— Мышьяк? Рядом? — всплеснув руками, воскликнула г-жа Оме. — Да ты всех нас мог отравить!
Тут все дети заревели в голос, как будто они уже почувствовали дикую боль в животе.
— Или отравить больного! — продолжал аптекарь. — Ты что же, хотел, чтобы я попал на скамью подсудимых? Чтобы меня повлекли на эшафот? Разве тебе не известно, какую осторожность я соблюдаю в хранении товаров, несмотря на свой колоссальный опыт? Мне становится страшно при одной мысли о том, какая на мне лежит ответственность! Правительство нас преследует, а действующее у нас нелепое законодательство висит у нас над головой, как дамоклов меч!
Эмма уже не спрашивала, зачем ее звали, а фармацевт, задыхаясь от волнения, все вопил:
— Вот как ты нам платишь за нашу доброту! Вот как ты благодаришь меня за мою истинно отеческую заботу! Если б не я, где бы ты был? Что бы ты собой представлял? Кто тебя кормит, воспитывает, одевает, кто делает все для того, чтобы со временем ты мог занять почетное место в обществе? Но для этого надо трудиться до кровавого пота, как говорят — не покладая рук.

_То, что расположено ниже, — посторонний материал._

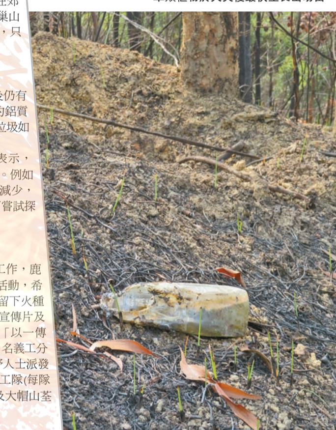
記者清徑時，發現尚未燒盡的膠樽。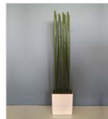
Kubus weiß L 40 x B 40 / H 40 mit Bambusstangen 4 cm, Gesamthöhe 190

Fabricando fit faber, age quod agis.
[9]
От злости он перешел на латынь. Он бы заговорил и по-китайски и по-гренландски, если б только знал эти языки. Он находился в таком состоянии, когда душа бессознательно раскрывается до самого дна — так в бурю океан взметает и прибрежные водоросли, и песок своих пучин.
— Я страшно жалею, что взял тебя на воспитание! — бушевал фармацевт. — Вырос в грязи да в бедности — там бы и коптел! Из тебя только пастух и выйдет. К наукам ты не способен! Ты этикетку-то путем не наклеишь! А живешь у меня на всем готовеньком, как сыр в масле катаешься!
Наконец Эмма обратилась к г-же Оме:
— Вы меня звали…
— Ах, боже мой! — с печальным видом прервала ее добрая женщина. — Уж и не знаю, как вам сказать… Такое несчастье!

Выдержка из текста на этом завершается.